PermalinkPermalink 08/19/07 @ 11:30
Comment from: lmg1567 [Member] Email
It's always a fine line between "educating" people and just giving family/friends more reasons to question what you're doing. I have a few family members that I just plain don't trust around my kids. I know that they will (even if unintentionally - because they don't understand) sabotage my efforts to keep my kids under control and feeling safe. My hubby and I are at the point where we know that if someone isn't being supportive and "getting it" they can't be around our kids. I wish they understood, I wish they believed what we tell them and I wish that even if they didn't, they would support our efforts because they know we only want the best for our kids. If those things cannot happen, we have to just move on.

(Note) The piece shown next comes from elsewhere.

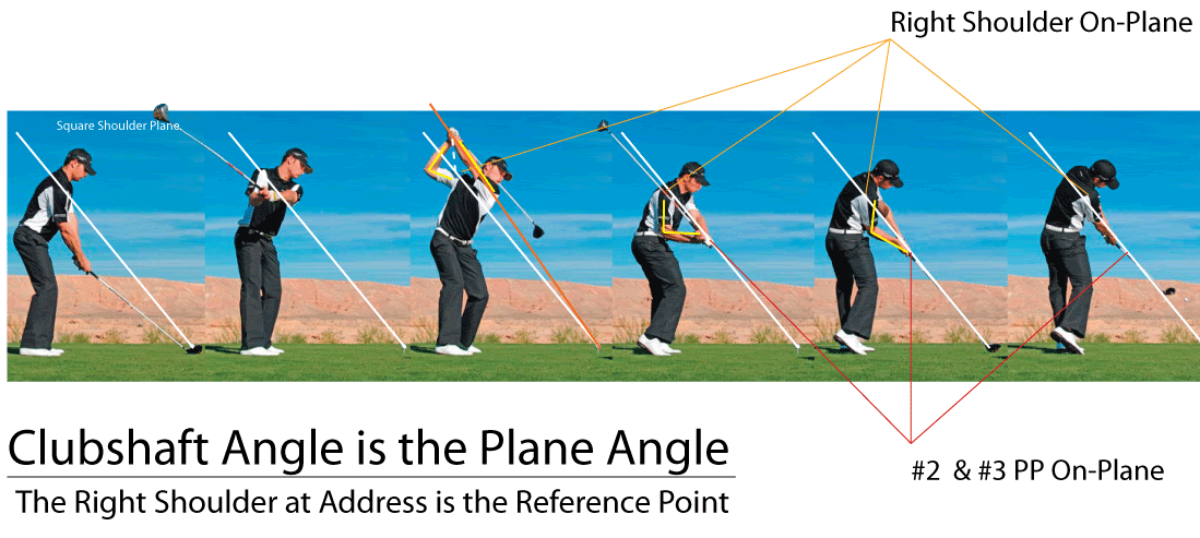 At address and through the ball for structural (RFFW) and tracing (the straight plane line) reasons the Right Forarm is ideally on the same plane as the clubshaft's lie angle. The Right Forearm is said to be on this plane when the Right Elbow is on this plane. This is the Elbow Plane one employs through Impact. To accomplish this and a Level Left Wrist, adjustments must be made to your Head position, knee bend, waist bend, distance from the ball etc. These adjustments, if not done at Impact Fix will necessitate an identical adjustment dynamically when you are swinging......not the best thing for your consistency. This is a major cause of faulty Impact Alignments. The Turned Shoulder Plane (TSP) is a line drawn from the Plane Line through the Right Shoulder when it's "turned" to its position at Top. This Plane Angle is dependent on many things including the type of Shoulder Turn employed. Generally the Flatter the Shoulder Turn going back the closer this Plane Angle is to the Shaft Plane or Elbow Plane. The Turned Shoulder Plane allows the Right Shoulder to take the Power Package down the TSP towards the Plane Line in Startdown. An On Plane move of the Power Package via the Right Shoulder referred to as an On Plane Shoulder Turn. Flat back and On Plane coming down. The shoulders dont turn on a single plane for the Standard Shoulder Turn anyways. However the TSP is not the same Plane Angle as the Elbow Plane and so the Plane Angle of the Inclined Plane must shift to this lower Elbow Plane angle prior to Impact. This is achieved as easily as it was to shift to higher Plane Angle in the Backstroke if you Addressed the ball with a Level Left Wrist at Fix. It just sort of happens as the Right Elbow unbends, the reverse situation of Right Forearm Pickup. If you Pickup you must let it down, CF helps out in this regard. The reference in 10-6-B to "any Plane Shift being hazardous" relates to a selection of an Inclined Plane Angle other than a TSP angle at Top which would necessitate a shift back to a TSP angle prior to an On Plane Shoulder Turn in Startdown. Logic holds that any plane shift is hazardous yes but some shifting does happen. Keeping it to a minimum is what its all about while using your Right Shoulder to take the Power Package down plane as the initial move in Startdown. For this to happen you have to employ a TSP angle. The closer to the Elbow Plane angle the better. |

I'm so sorry you had to go thru the hurt you have with your family. I read your previous blogs you referenced about and nothing you did was any different than what we've had to do with some of our kids. I can't believe you lost your foster baby over that. I understand your grief because we've had some close calls with family members and the one thing it has taught me is that my husband and kids are my whole life. I will not sacrifice them for a relationship with someone who is so unsupportive of me that they'd go behind my back and hurt us like that.
PermalinkPermalink 08/20/07 @ 12:32
Comment from: Kelly [Member] Email · http://fost-adopt.adoptionblogs.com
My hubby and I are at the point where we know that if someone isn't being supportive and "getting it" they can't be around our kids. I wish they understood, I wish they believed what we tell them and I wish that even if they didn't, they would support our efforts because they know we only want the best for our kids. If those things cannot happen, we have to just move on.


Img-

That is exactly how we feel and why we no longer have a relationship with these people.

As much as I would like my kids to have a huge extended family, it's not worth the price we, and ultimately they, pay.